At least one space, " ", should be present. Additional white-space characters are allowed.

Tiago Ferreira · Answer 2 · Sat May 07 2022 06:14:56 GMT+0800 (China Standard Time)

Thanks for the detailed reply @bengtl !
On the rooted soma: My comment stemmed from this sentence "The soma in SWC can consist of a single root point or multiple points, the first of which is the root. " The first time I read it, I thought it was referring to the root of the structure. But now I see that, it means 'root' of the soma collection of points. Maybe worth it to clarify this explicitly?

On the radius of 0: I would actually prefer a clear definition of what defines 'absence of radii'. In my opinion, it is better to handle the idiosyncrasies of 0 (or -1), than to adopt that 0.125 strategy. It is just hard to justify, and 125nm is actually quite common to find in real reconstructions.

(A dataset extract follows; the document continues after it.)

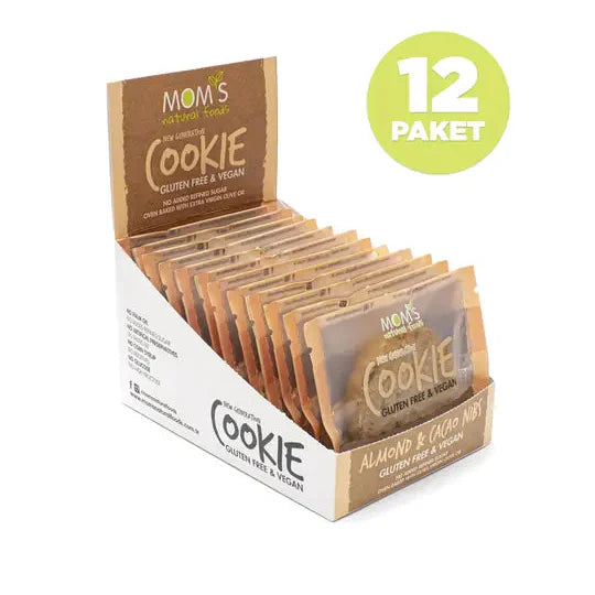 "High-fiber, flavored with apple juice and baked with extra virgin olive oil, Mom's gluten-free cookie flavors are with you whenever you need them. 12 Pieces of Almond & Cacao Cookies 12x50g What's Inside? Apple Juice + Oat Flour + Coconut + Extra Virgin Olive Oil + Almond + Cocoa + Flaxseed + Cocoa Nibs + Vanilla Oil + Salt"

Bengt Ljungquist · Answer 3 · Fri May 13 2022 05:18:58 GMT+0800 (China Standard Time)

Thank you again, @tferr for your helpful and constructive feedback.

Re: Rooted soma
We suggest the following clarification, in the section "Soma representation":
Current wording
"The soma in SWC can consist of a single root point or multiple points, the first of which is the root"
will be changed into
"The soma in SWC can consist of a single center-point or multiple points, the first of which is the point of origin. Other types of structures may occur before the soma in the file and serve as root in the file tree structure."

Re: Constant radius
While we agree that it would be beneficial to denote the presence of a constant or absent radius in some form, we have, after further consideration and discussion with members of the community, arrived at the conclusion that we cannot accept a value of 0 or -1, as it would knowingly cause problems for several established tools and applications, and potentially some more unforeseen. We think it is more suitable to denote it as part of the metadata. For the initial version of the standard, we will however not specify any further guidance on how it may be expressed. We will add it as an open topic to discuss for coming versions.